- _Dataset section_
══════
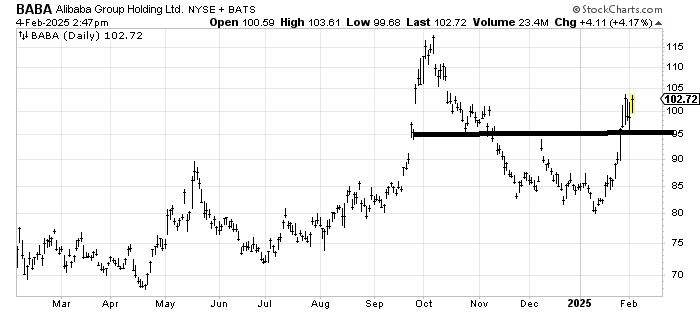 Alibaba BABAF has resistance all the way up but that base it broke out of measures to the 110 area as a next target. I would use a stop under 95 and move it up to 100 if the stock gets over 105 readily.
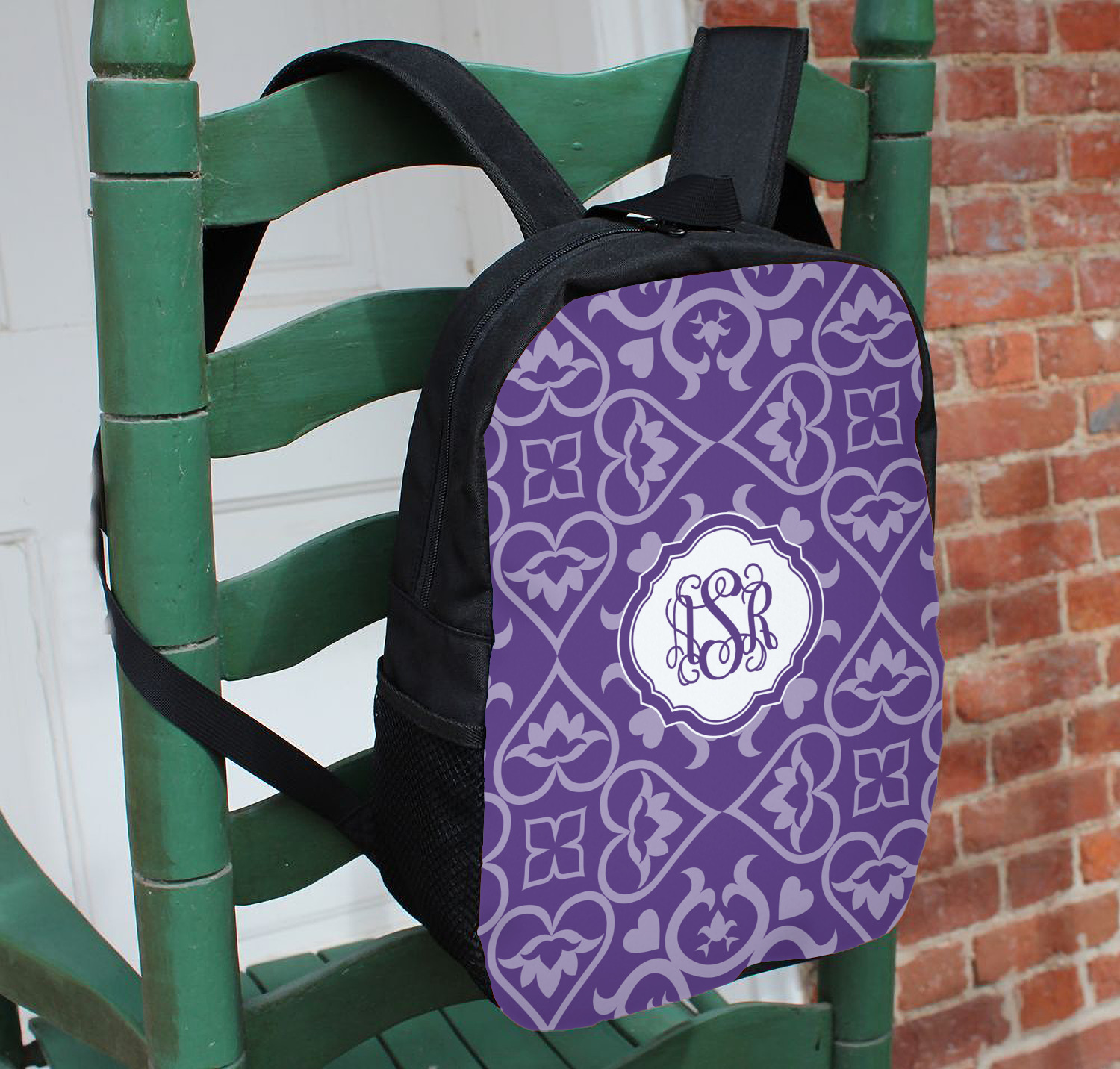 These small backpacks are made of a durable black canvas material with your personalization right on the front. The two shoulder straps are padded and easily adjustable. The bag itself measures at about 11" W x 15" H x 5" D. It's the perfect size for elementary aged kids or adults who want a smaller backpack. On the top of the bag you will find a handle to hang or carry your backpack by as well as a large zipper closure to keep all of your belongings safe inside. On each side of your backpack is a mesh pocket for a small item or water bottle. Inside your backpack you will find a spacious area with a small zipper pocket and a padded laptop slot that will fit up to a 13" laptop (13" being very snug). This is the perfect bag for any student that needs a couple books and their laptop with them at all times. It also works great as a carry on for traveling!
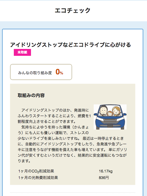また単に記録するだけでなく、あなたの家庭にあったエコチェックを通じて、より光熱費を減らすこともできます。取り組みに応じて、ポイントがたまるようになっていたり、順位が表示されるようになっていたりしますので、ぜひチャレンジしてみてください。
══════
- _Prompt_
The response must match the listing exactly, except that pictures are removed.

- _Task solution_
 Alibaba BABAF has resistance all the way up but that base it broke out of measures to the 110 area as a next target. I would use a stop under 95 and move it up to 100 if the stock gets over 105 readily.
 These small backpacks are made of a durable black canvas material with your personalization right on the front. The two shoulder straps are padded and easily adjustable. The bag itself measures at about 11" W x 15" H x 5" D. It's the perfect size for elementary aged kids or adults who want a smaller backpack. On the top of the bag you will find a handle to hang or carry your backpack by as well as a large zipper closure to keep all of your belongings safe inside. On each side of your backpack is a mesh pocket for a small item or water bottle. Inside your backpack you will find a spacious area with a small zipper pocket and a padded laptop slot that will fit up to a 13" laptop (13" being very snug). This is the perfect bag for any student that needs a couple books and their laptop with them at all times. It also works great as a carry on for traveling!
また単に記録するだけでなく、あなたの家庭にあったエコチェックを通じて、より光熱費を減らすこともできます。取り組みに応じて、ポイントがたまるようになっていたり、順位が表示されるようになっていたりしますので、ぜひチャレンジしてみてください。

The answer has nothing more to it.